Why shouldn't Jose Padilla sue John Yoo?

The law, lawyers, and the court.
Jan. 16 2008 4:52 PM

If the Yoo Fits ...

Why shouldn't Jose Padilla sue John Yoo?

(Continued from Page 1)

That's because there's nothing outlandish about trying to hold lawyers accountable for actions taken on their clients' behalf, if those actions can be proved to be illegal. Government lawyers, like other officials, have recourse to immunity. But they're not necessarily entitled to absolute immunity—the kind that ends a suit before it starts. As Luban explains, the list for absolute immunity is a short one: The president gets it. Judges get it. So do prosecutors. But Justice Department lawyers who aren't working in a prosecutorial capacity? It appears not. In the 1985 case Mitchell v. Forsyth, a Haverford College physics professor sued former Attorney General John Mitchell for authorizing a wiretap of his phone without a warrant. Mitchell argued that he had absolute immunity because he was working in the interests of national security. The Supreme Court disagreed. The court reasoned that while prosecutors are subject to the checks of the judicial process, there were no "similar built-in restraints on the Attorney General's activities in the name of national security."
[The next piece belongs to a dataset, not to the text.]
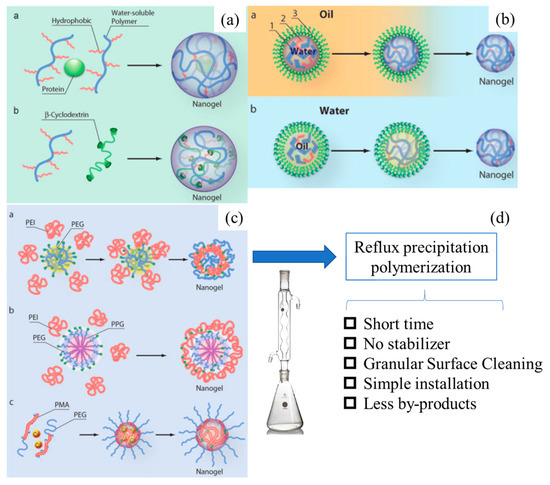 The nanogel preparation method [90] is shown in Figure 6. The traditional preparation methods mainly include emulsion polymerization, microemulsion polymerization and dispersion polymerization, all of which need to add stabilizers or surfactants to stabilize the reaction system and avoid aggregation and precipitation. However, it is difficult to remove the stabilizer or surfactant from the reaction system after the reaction, which affects the application of polymer microspheres in the biomedical field [91]. The method of precipitation polymerization was first proposed by Chibante et al. [92]. The stabilizer is replaced by a cross-linking agent, which is added to the reaction system together with the reactive monomer, and polymer microspheres with uniform particle size and clean surface are prepared after heating and polymerization. However, this method is only suitable for the polymerization of hydrophobic monomers and cannot prepare polymer microspheres for biomedicine. To expand the application of precipitation polymerization to hydrophilic monomers, Yang et al. [93] developed a distillation precipitation method, which shortened the precipitation polymerization time to 1–2 h. However, with the decrease in the solvent amount in the reaction system, the late reaction was unstable and the product yield was low. Wang et al. [94] developed the reflux precipitation polymerization method based on the technique of distillation precipitation. A return-shaped condenser was connected to the reaction device to ensure that the volume of the solvent in the reaction system remained unchanged, making the polymerization of the reaction system more stable. Compared with the traditional preparation method, the reflux precipitation polymerization method has the characteristics of short time consumption, no need for stabilizer, clean particle surface, simplicity of device, and less byproducts.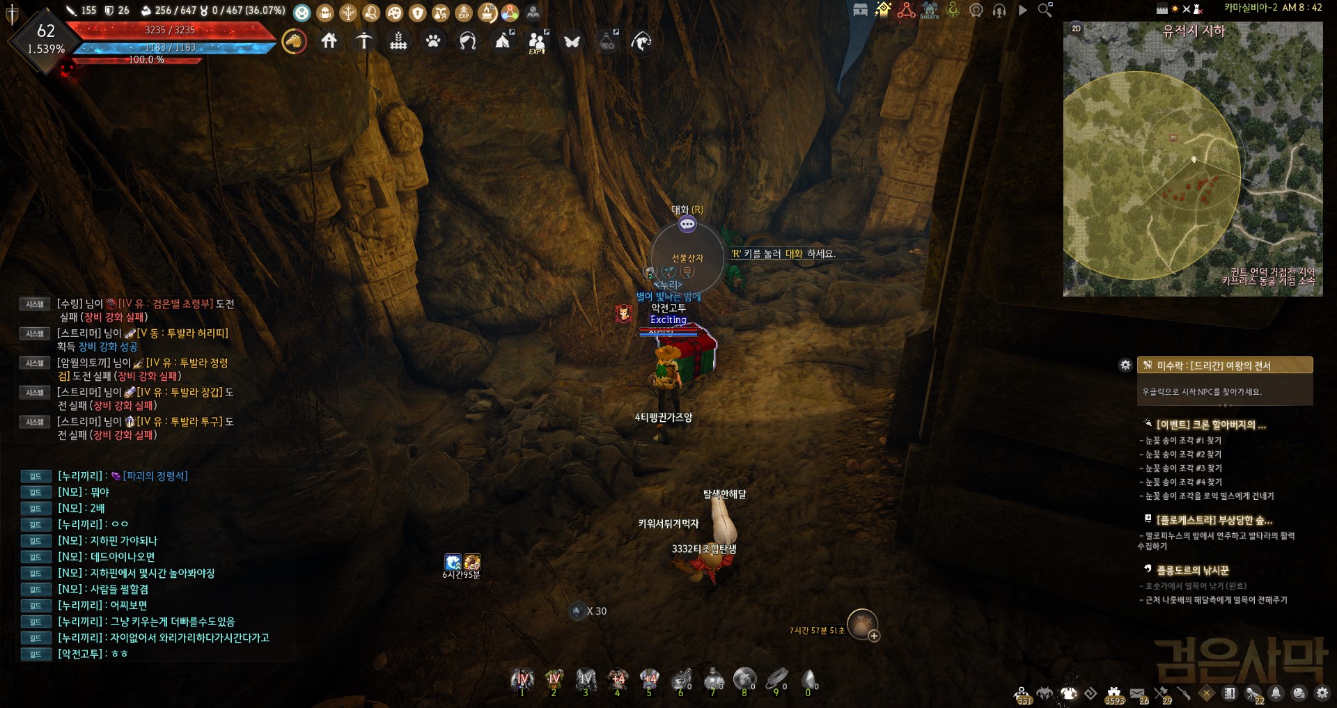 지도에 눈꽃 표시된 곳이 동굴쪽으로 안내하는데 그냥 계속 쭉~ 들어가다보면 선물상자 나옵니다.

The court said that DoJ folk might nevertheless be entitled to qualified immunity, which all government officials can seek. The standard here is that you can't be held liable for working in your official capacity, as long as your actions didn't violate "clearly established" constitutional or legal rights that a reasonable person would have known about. In other words, you're protected unless you knowingly violated the law or you were plainly incompetent. The Supreme Court reasoned that qualified immunity would provide most officials with enough protection to do their jobs freely, without giving them a pass to blithely disregard the law. Money quote: "Where an official could be expected to know that his conduct would violate statutory or constitutional rights, he should be made to hesitate." (The court's italics.)


Some of the critics of the Yoo-Padilla suit worry about the effect it will have on other government lawyers. The concern is that they'll fear being sued and hedge their bets accordingly, even if they're not doing anything as exotic as embroidering a rationale for torture. But in Mitchell, the court said that sometimes catching a bit of a chill is a good thing. It's also worth noting, in this context, that Yoo isn't facing financial ruin or even risk: Following Padilla's wishes, the suit asks for damages of exactly $1. And DoJ has to offer to provide and pay for Yoo's defense.

Maybe Yoo's lawyers will be able to show he is entitled to qualified immunity. Maybe what he did wasn't illegal, or maybe he shouldn't have been expected to know that it was, as he would certainly argue. Here's the defense of his actions that he published today. And maybe the legal advice he gave in the torture memos can turn out to have been wrong—there's close to consensus about that, at least—without being blunderingly incompetent. It's also possible that the chain from Padilla's mistreatment to Yoo's memo writing and policy-making is ultimately too attenuated to hold him legally accountable.

These are familiar questions—the sort that many a Bivens suit raises. They are also questions for a judge to decide. Arguing that Yoo could or should win is different from denouncing Yale's clinic for bringing the suit in the first place. And think about the broader implications of the WSJ's tirade against the law school. The dean should have stopped a clinic from suing an alumnus on behalf of a client? What kind of standard of legal advocacy or academic freedom would that set—faculty members can write whatever they want in academic articles, but clinical lawyers can only file suits vetted for politically palatability? That seems like the entirely wrong place to end up. It's what comes of mixing up David and Goliath.